There are many journeys we all take in our lifetime. Many roads leading us to whom we are destined to become or to the life we are destined to live. Her journey had been a long one, sometimes extremely difficult to emotionally or physically survive from.
Her story begins in a different country than she came to know. She was born in Lima, Peru in 1970. She’s the youngest of four girls, the baby of the family. She was very quiet and soft spoken as a child; a very reserved, kind and loving introvert. Her parents were both from affluent families, but especially her mother. Her grandfather was a well-known surgeon in Lima. He had owned a hospital there. Her grandmother, though born in Peru, came from a wealthy family from Philadelphia, Pennsylvania. She was an heiress and her family on both sides were millionaires. The Philadelphia family had created and operated a row of stores and one of the first bathhouses on the Atlantic City Boardwalk in New Jersey. The Peruvian family had many ventures in both Peru and England that made them very successful, too.

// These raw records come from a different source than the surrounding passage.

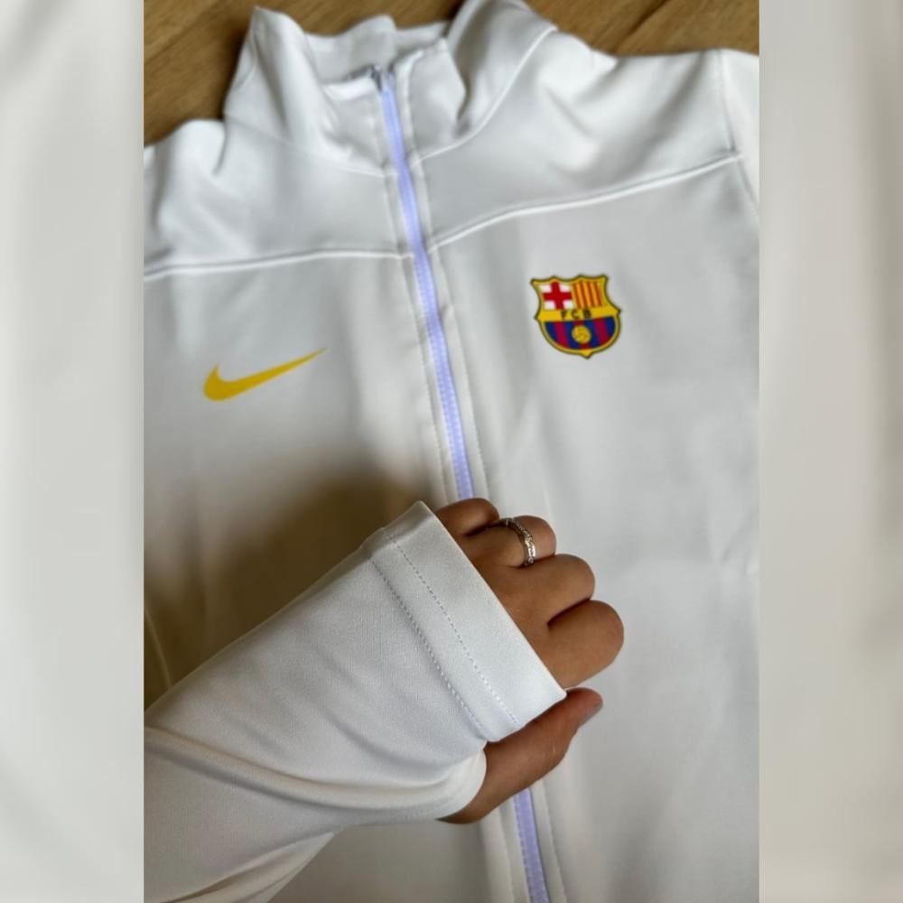 جاكيت رياضي أبيض بشعار نادي برشلونه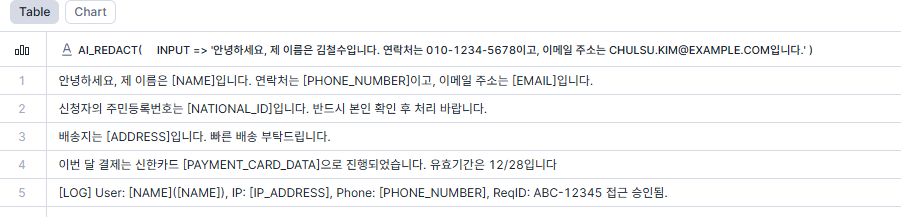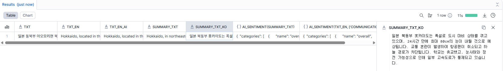 AI_TRANSLATE(TXT, 'KO','EN' ) AS TXT_EN_AI,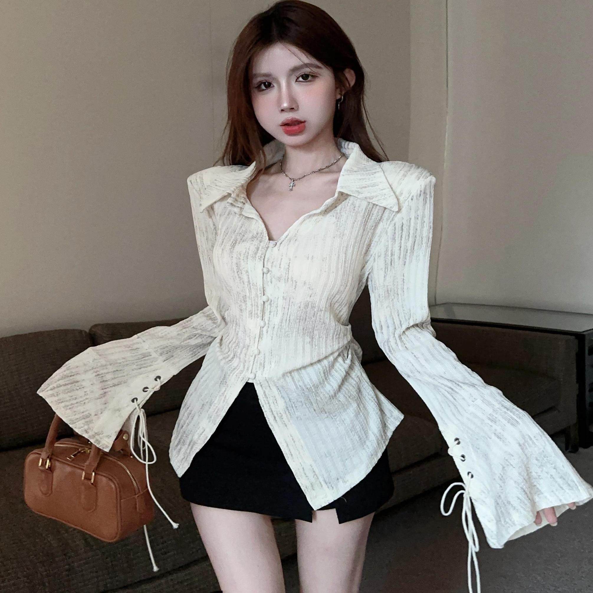 美式y2k扎染衬衫女秋冬设计感小众系带喇叭袖纯欲收腰显瘦v领衬衣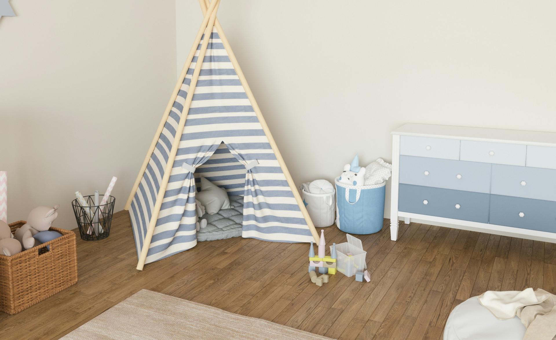 - Schlafbereich: sollte schlicht und beruhigend sein – mit neutralen Farben und natürlichen Stoffen, damit das Kind sich geborgen fühlt.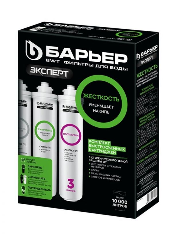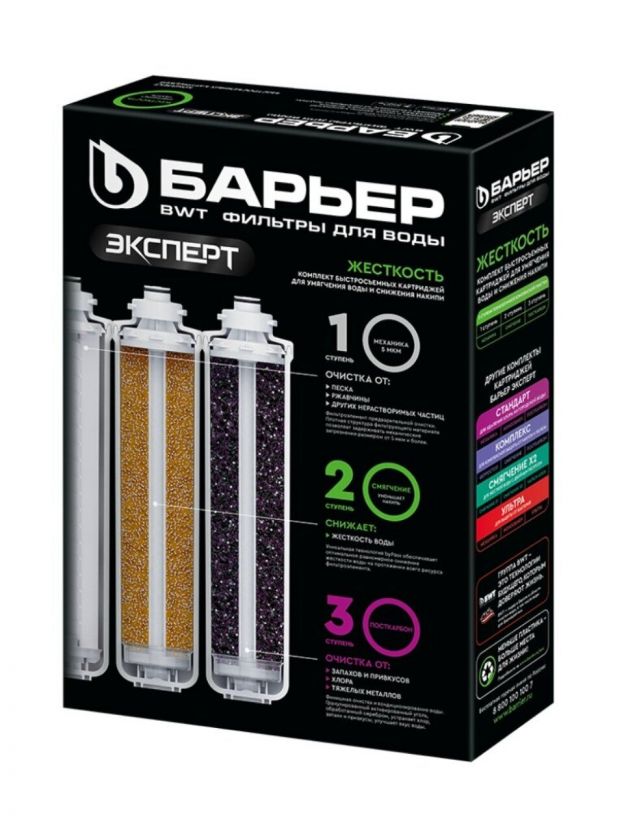 Комплект сменных фильтроэлементов для комплексной очистки жесткой воды от всех основных содержащихся в ней вредных примесей. Устанавливается в проточный фильтр Эксперт Жесткость.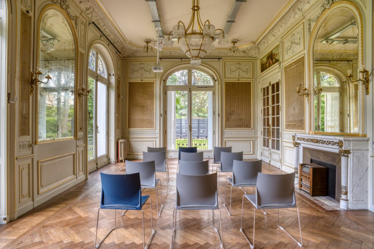Au rez-de-chaussée, quatre salons de charme s’articulent autour d’un hall majestueux surplombé d’une verrière sortie des ateliers Gustave EIFFEL, tandis que le premier étage abrite trois salles de réunion plus intimistes.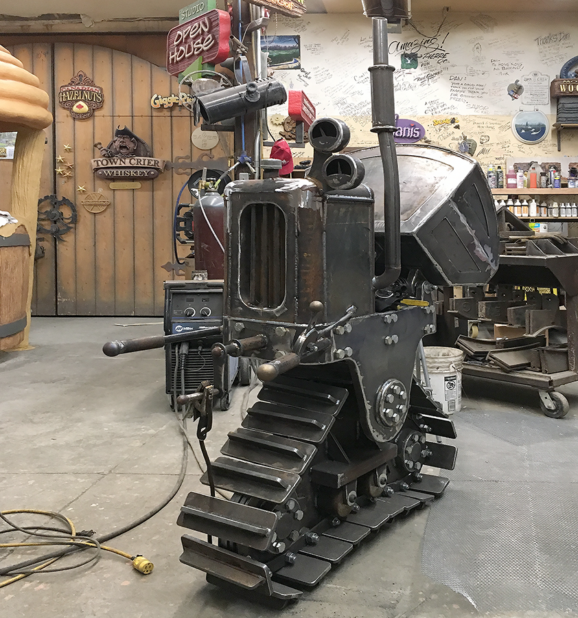 I worked on the little tractor a little in the afternoon today and and in that time finished the handlebars, and fabricated and mounted the engine crank, muffler, gauges and throttle. Only a couple small things are left before we declare this little gem ready for paint!
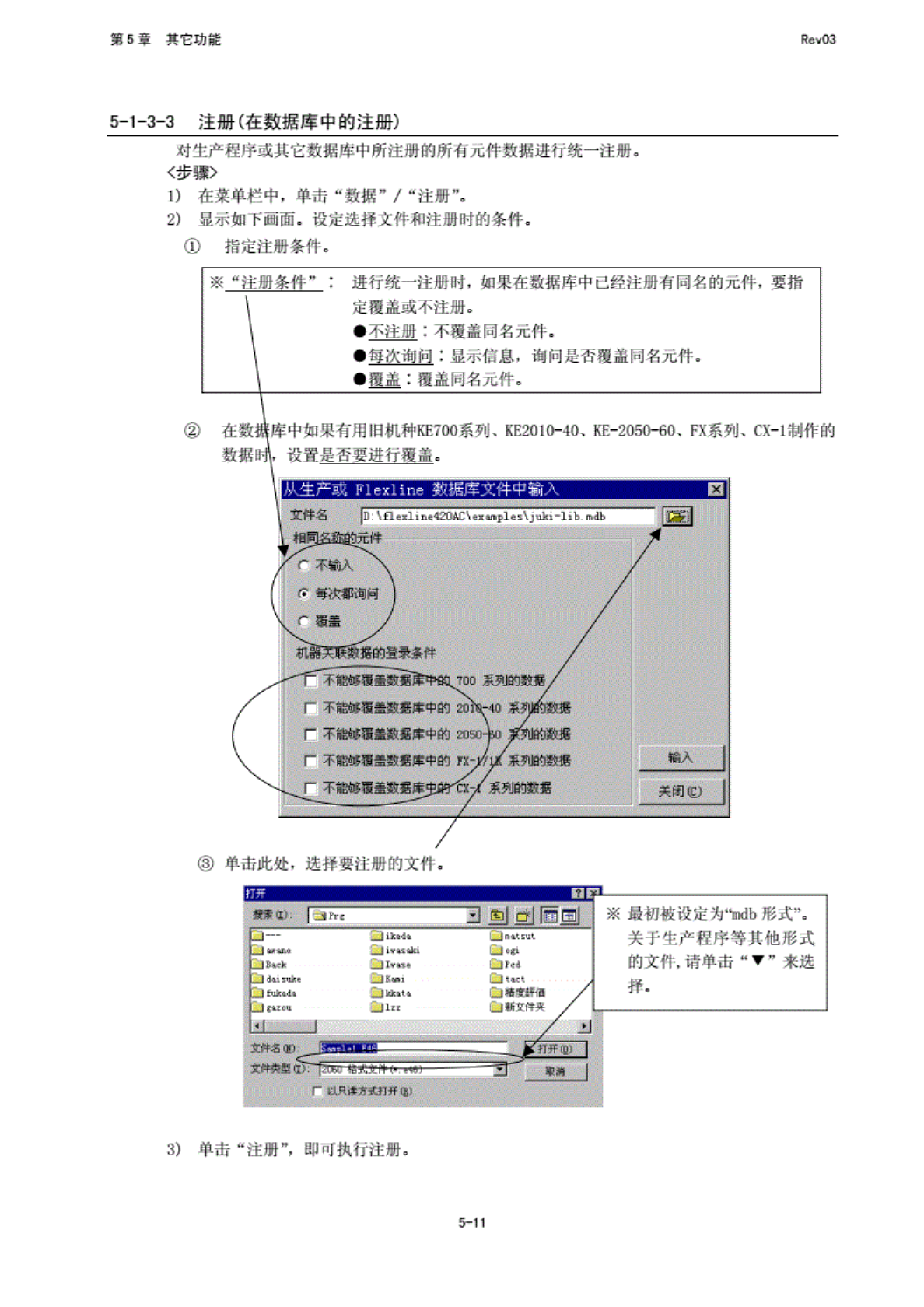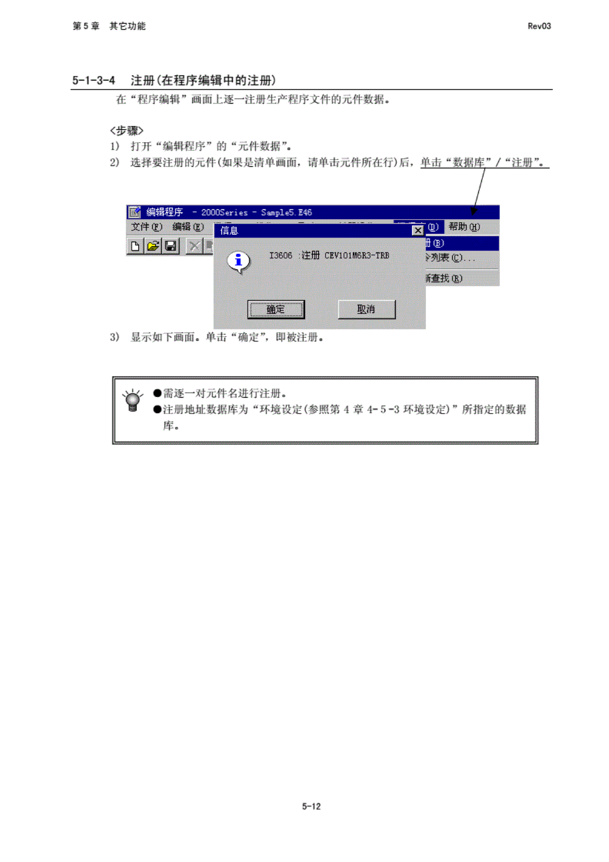 第 5 堂 其 它功能 RfivO3 5-A3-4 注册 (在 程序编 辑中的 注册) 在 “程序 编辑” 画面 上逐一 注册生 产程序 ;文件 的元件 数据. 步骤》 1) 打开 “编辑 程序” 的 “元件 数据工 2) 选择 要注册 的元件 (如果 是清单 画面, 请单击 私排所 在行) 后, 中一 “教要 注… / “库则 二 3) 显 示如下 画面. 单击 “确 定”, 即被注 :册. 需 逐一时 JL 传名 进行 注册. …
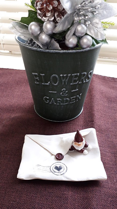 季節感のある物もその時期の運気が吸収できるので取り入れています。写真の中では陶器でできている封筒の上のサンタさんとゴールドクレストです。

She had been told that in 1933 when The Great Depression was making thousands of people homeless and hungry, her grandmother’s last inheritance was the property in Atlantic City and $3 million dollars. Not only was that a lot of money for that time but also it was a lot of money for someone who was living in Peru. Her grandparent’s house, that still stands today in Lima, is one she can only dream of ever having. After her grandfather’s death in 1959 though, her grandmother, her mother and her mother’s three sisters would never be the same again. Her father married into a family that any man would envy by all accounts, but he never saw that these women’s lives were taking a new path – destruction. Also, her parents could never imagine that their youngest daughter would end up being a high school dropout, would take drugs, drink until she’d blackout and later become a high priced call girl in Hollywood at the age of 21. She’d continue this new path of destruction for her own life. But, she would sometimes think, was it her destiny?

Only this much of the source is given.